What you will do: Below, some lines carry pictures; leave those pictures out and retype exactly the lines from the one with "Tough call between" through the one with "你的运动轿跑才9.79万元起!长安第三代UNI-V价格权益正式发布!".

Task material:
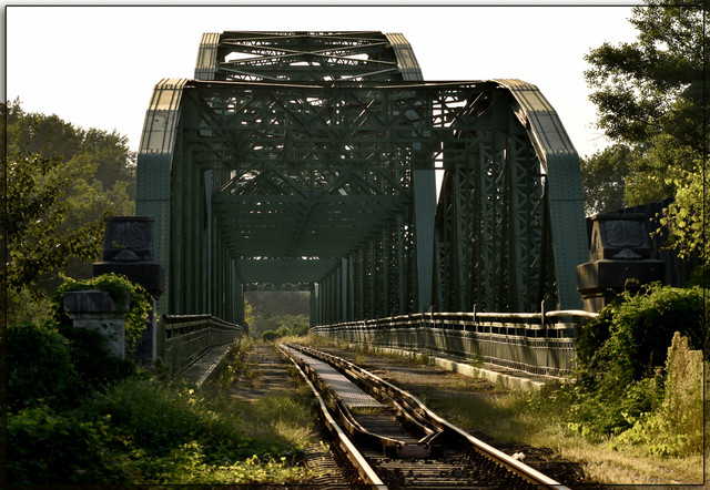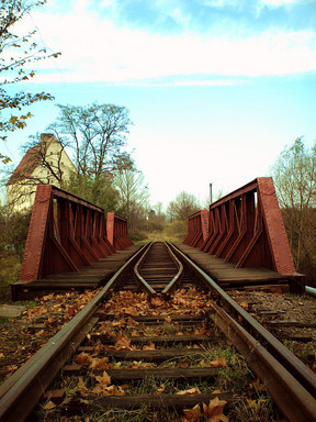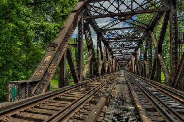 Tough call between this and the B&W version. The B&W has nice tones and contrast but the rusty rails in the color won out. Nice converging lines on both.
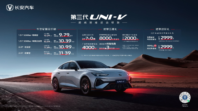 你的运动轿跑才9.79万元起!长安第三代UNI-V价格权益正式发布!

---

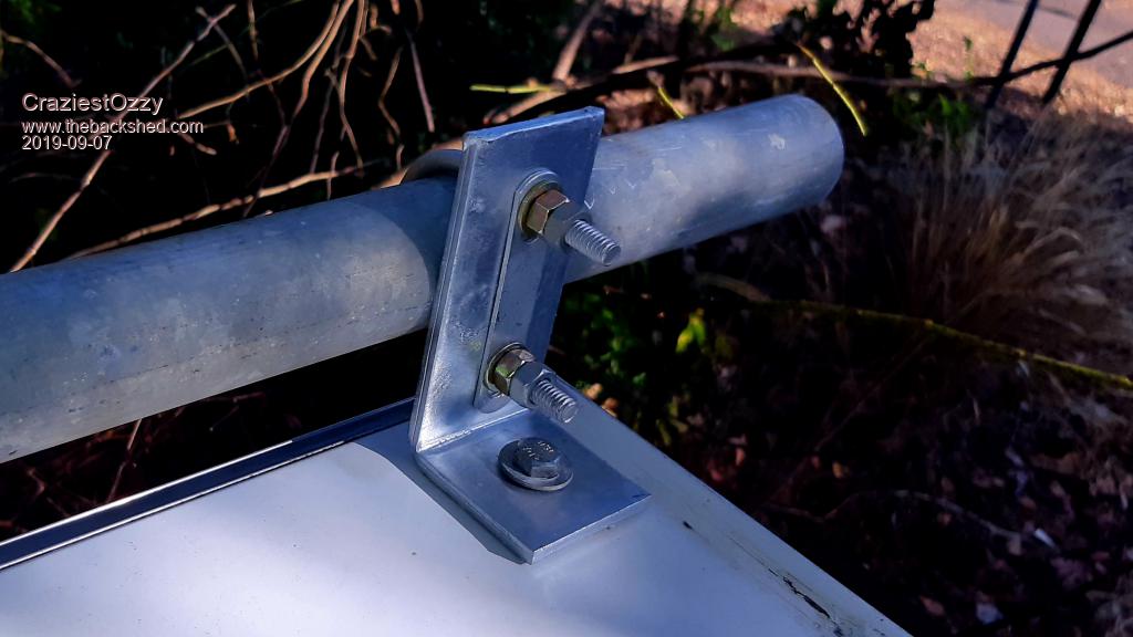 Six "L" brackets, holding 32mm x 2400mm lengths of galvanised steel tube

Exercise output:
 Tough call between this and the B&W version. The B&W has nice tones and contrast but the rusty rails in the color won out. Nice converging lines on both.
 你的运动轿跑才9.79万元起!长安第三代UNI-V价格权益正式发布!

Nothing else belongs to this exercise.